Diagnostic challenges in POEMS syndrome presenting with polyneuropathy: A case series.

J Neurol Sci

Department of Neurology, University Hospitals Cleveland Medical Center, Case Western Reserve University School of Medicine, Cleveland, OH 44106, USA.

Published: July 2017

Objective: To analyze the clinical characteristics of patients with POEMS presenting with polyneuropathy and discuss associated diagnostic challenges.

Method: Retrospective analysis of 6 patients from 2 tertiary-care institutions.

Results: Six patients presented with progressive sensorimotor deficits predominantly or exclusively in the lower extremities and were diagnosed with POEMS syndrome. In 4 patients, a diagnosis of chronic inflammatory demyelinating polyradiculopathy (CIDP) was mistakenly made. Low concentration of serum paraprotein and elevated vascular endothelial growth factor (VEGF) were detected in all 6 patients. Initial serum immunofixation and skeletal survey were normal in 2 patients each.
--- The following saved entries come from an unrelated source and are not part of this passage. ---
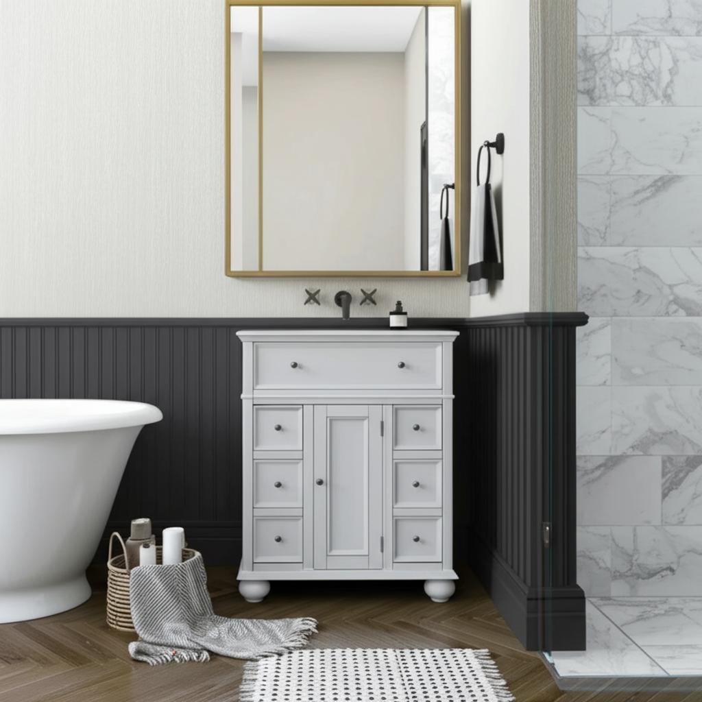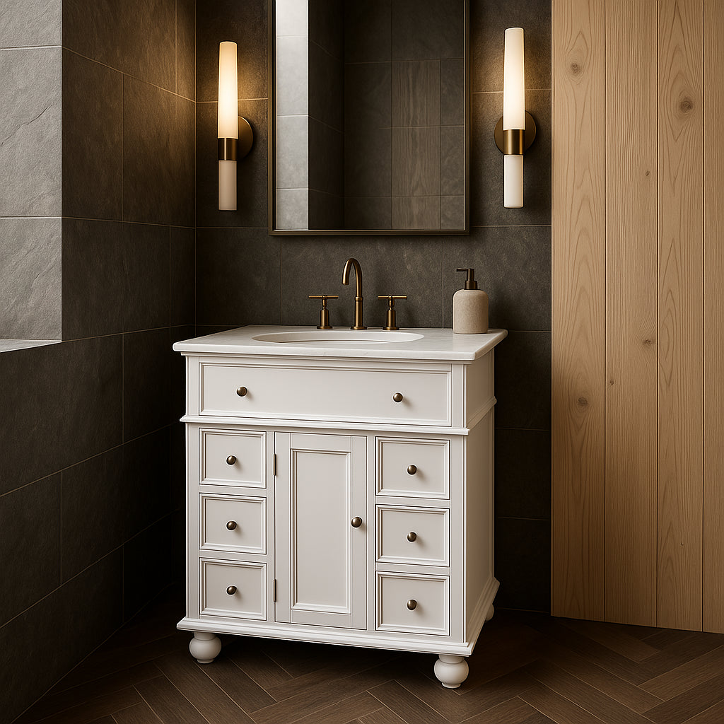 • Elegant Marble Top: Features a white natural marble top with pre-attached porcelain sink.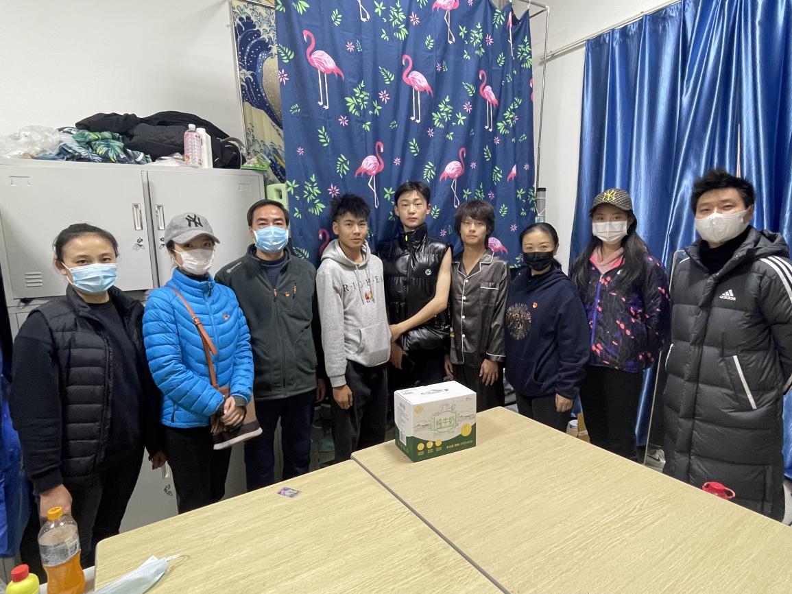 突击队员金亮同志在走访学生宿舍的同时,得知疫情期间学生们购物不便,特意组织敦煌舞教研室各位老师集资为学生们购买了牛奶,并集体前往学生宿舍进行慰问。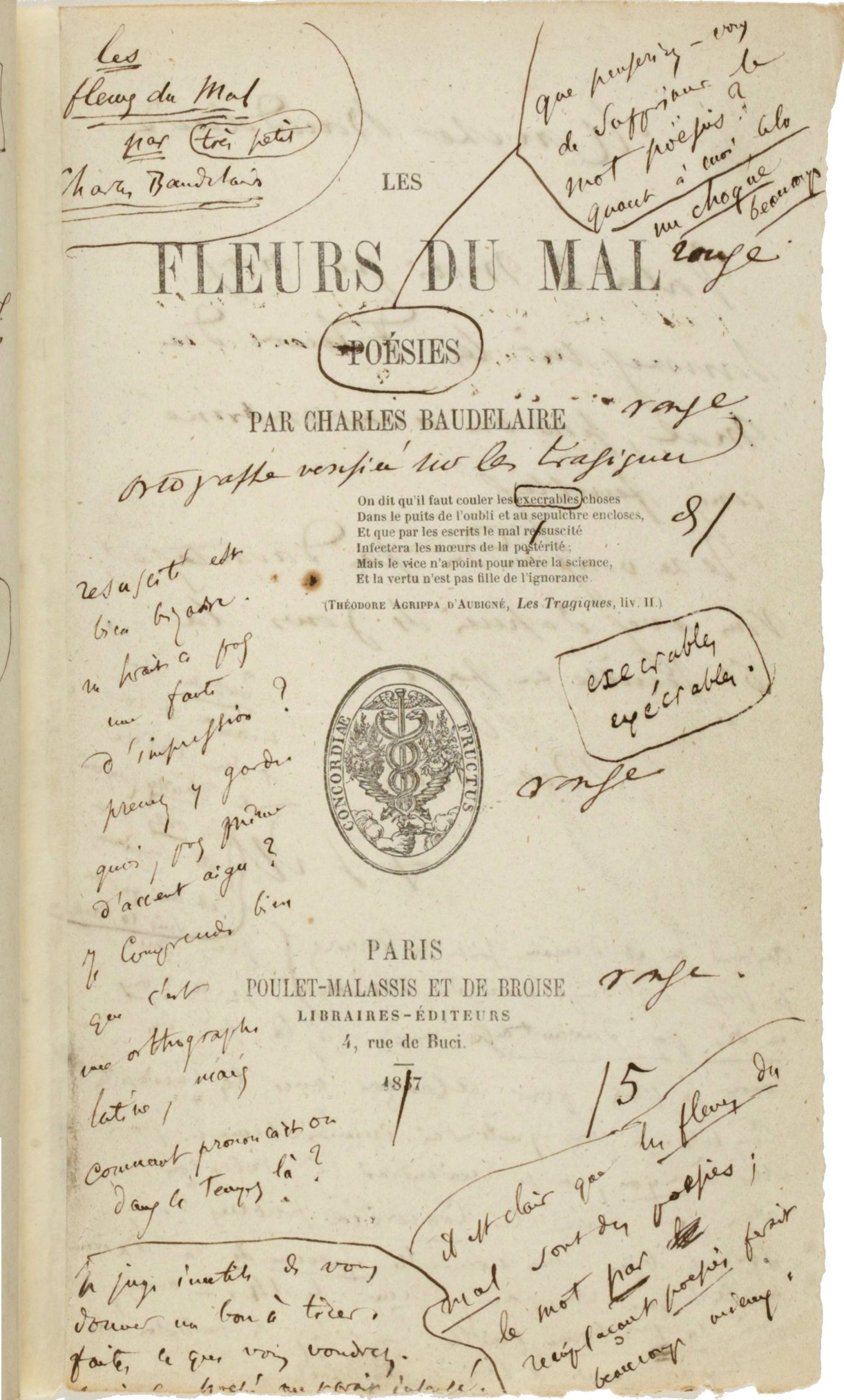 Baudelaire did not appeal. In a letter to his mother written in the aftermath of the conviction, he defended the book with the particular calm of a man who had long expected to be misunderstood: “This book, whose title says everything, is clad, as you will see, in a cold and sinister beauty. It was created with rage and patience. The proof of its positive worth is in all the ill they speak of it.” He added that he did not care a rap for the imbeciles, and that the book would make its way in the memory of the lettered public beside the best poems of Hugo and Byron. He was right. The six suppressed poems were not legally reinstated in France until 31 May 1949 — nearly a century after the conviction. By that point the vindication was almost beside the point. The book had already made its way.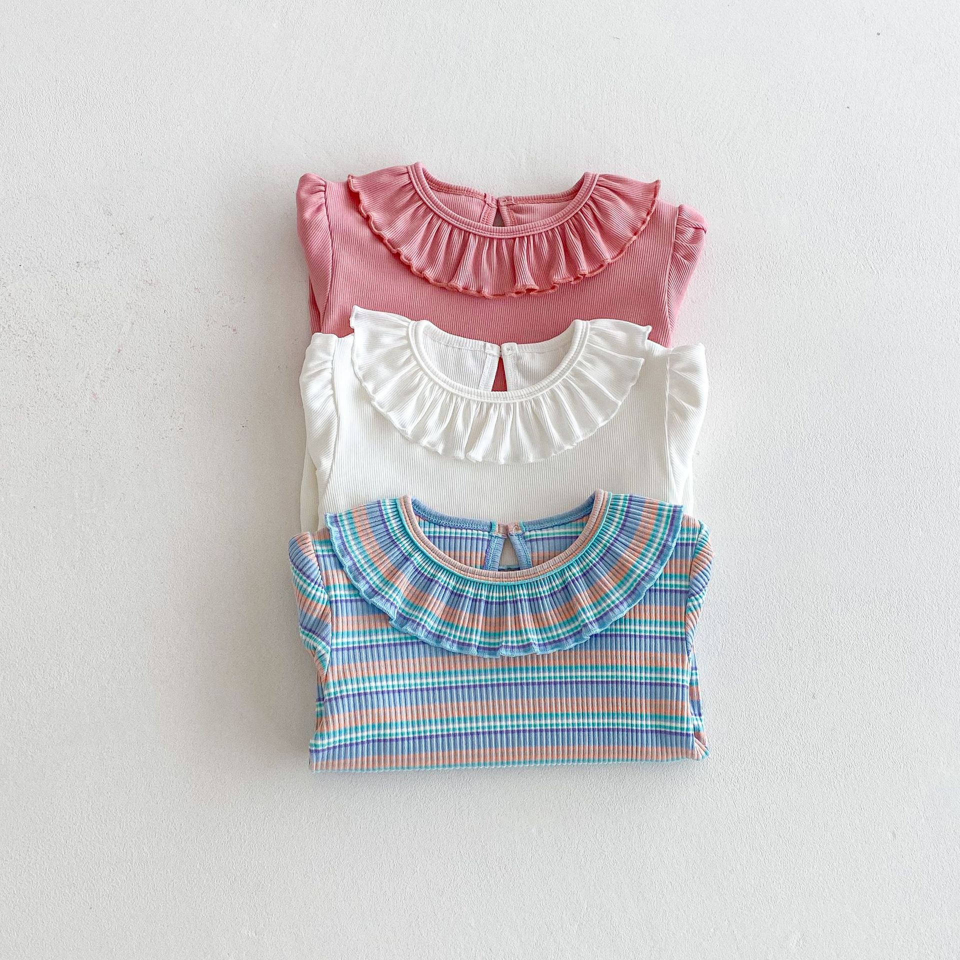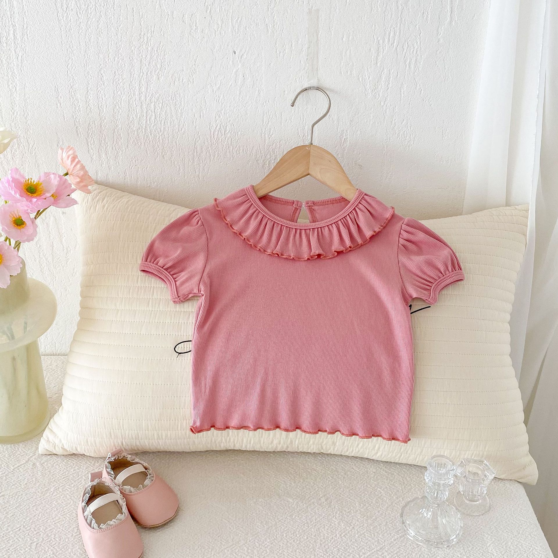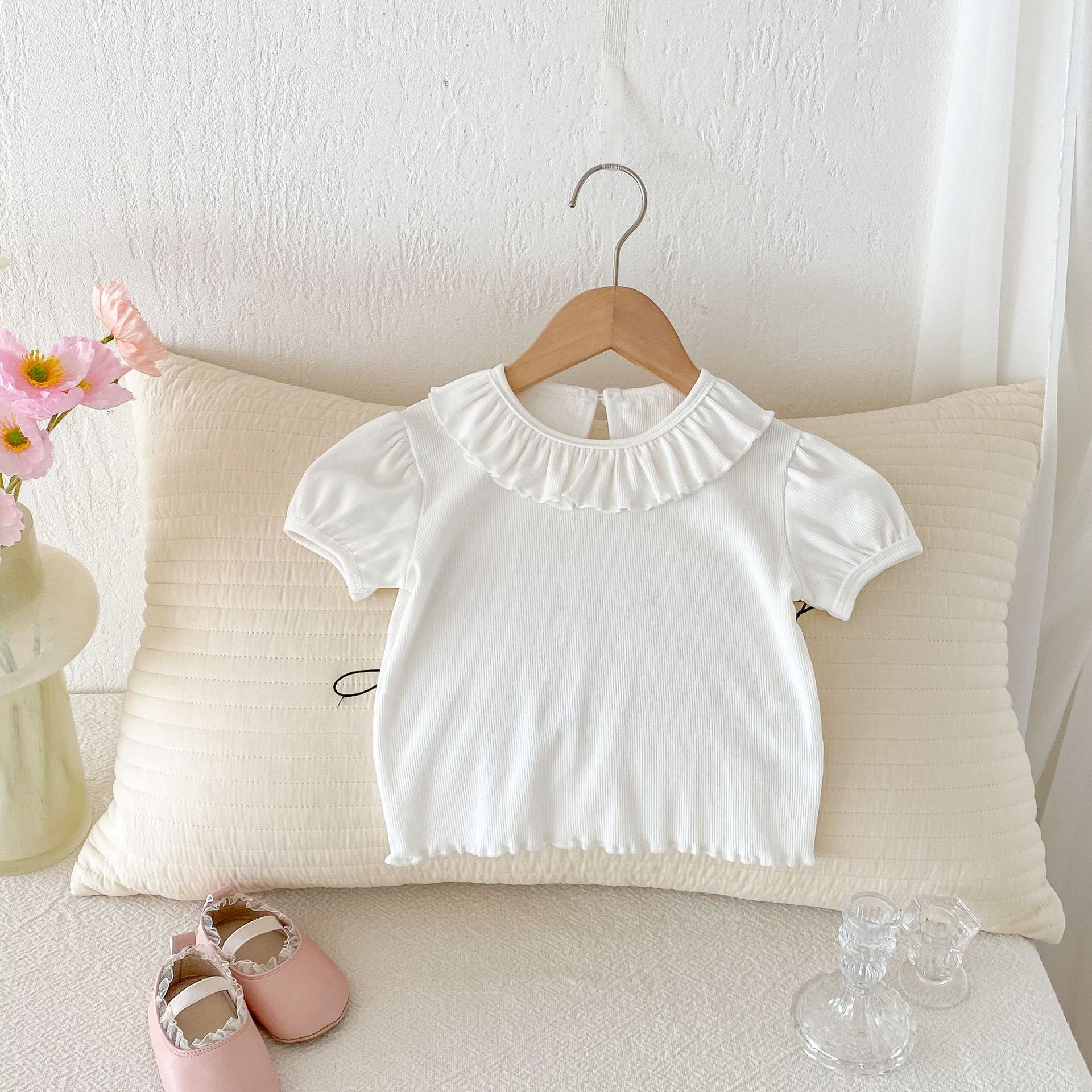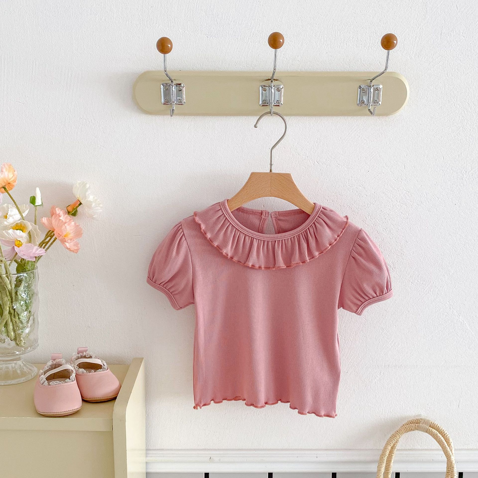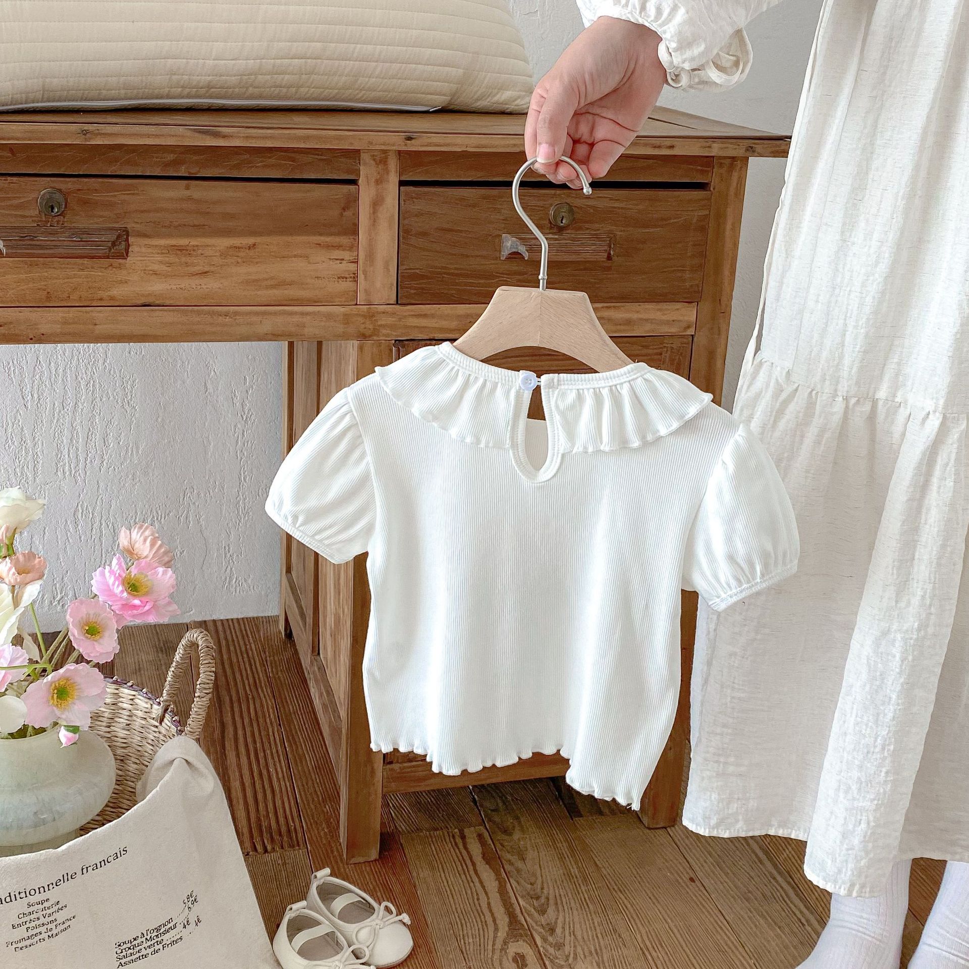 여름 한국 아동복 상의 2025 신상 스트라이프 라펠 반팔 패셔너블하고 다재다능한 퍼프 슬리브 여아 티셔츠스토어 가기

On nerve conduction studies, motor and sensory responses were absent in the lower extremity in all 6 patients. Conduction velocity slowing and F-wave latency prolongation appear slightly more pronounced than distal motor latency prolongation in the upper extremity. Spinal MRI showed diffuse lumbosacral nerve root enhancement in all. In 3 patients, targeted bone marrow biopsy was needed for confirming the POEMS diagnosis. Treatment with corticosteroids, chemotherapy agent, focal radiation and/or autologous stem cell transplantation led to significant improvement in 5 of 6 patients.

Conclusion: Diagnosis of POEMS should be considered in patients with progressive polyneuropathies of mixed demyelinating and axon loss features, including CIDP patients not responding to standard treatment. A polyradiculoneuropathy rather than a pure polyneuropathy seems to exist in POEMS.